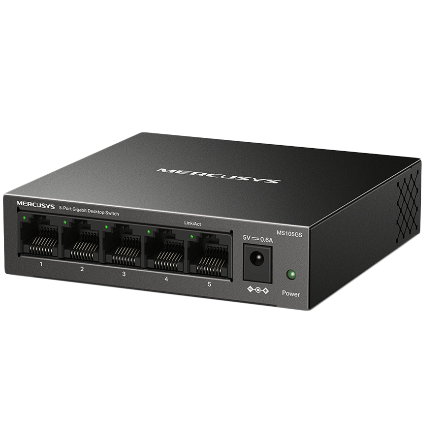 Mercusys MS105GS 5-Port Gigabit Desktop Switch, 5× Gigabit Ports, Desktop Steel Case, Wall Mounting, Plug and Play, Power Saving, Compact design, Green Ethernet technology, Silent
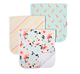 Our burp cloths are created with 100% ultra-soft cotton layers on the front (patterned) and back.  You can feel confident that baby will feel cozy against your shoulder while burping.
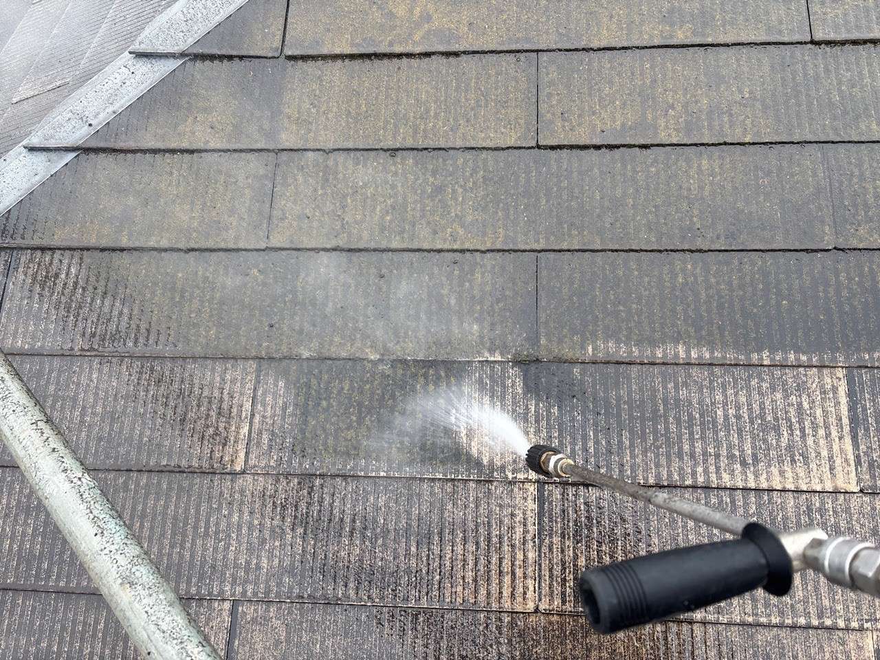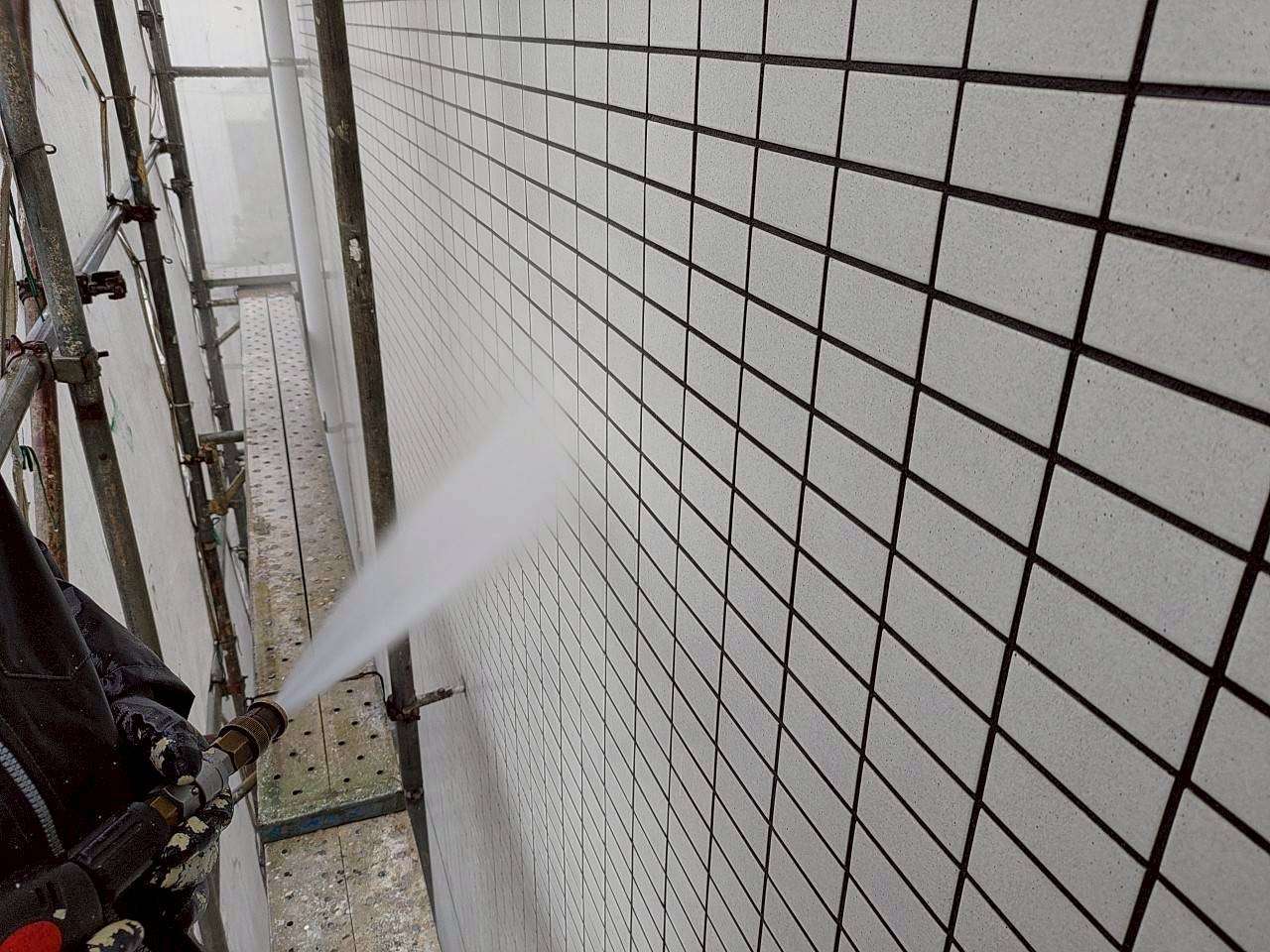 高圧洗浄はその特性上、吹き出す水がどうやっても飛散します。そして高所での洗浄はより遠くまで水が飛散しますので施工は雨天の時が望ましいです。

# [EXERCISE AIM]
Retyped exactly, the lines from the one holding "Our burp cloths" through the last line of the data above are the whole answer. Pictures stay out.

# [WRITTEN SOLUTION]
 Our burp cloths are created with 100% ultra-soft cotton layers on the front (patterned) and back.  You can feel confident that baby will feel cozy against your shoulder while burping.
 高圧洗浄はその特性上、吹き出す水がどうやっても飛散します。そして高所での洗浄はより遠くまで水が飛散しますので施工は雨天の時が望ましいです。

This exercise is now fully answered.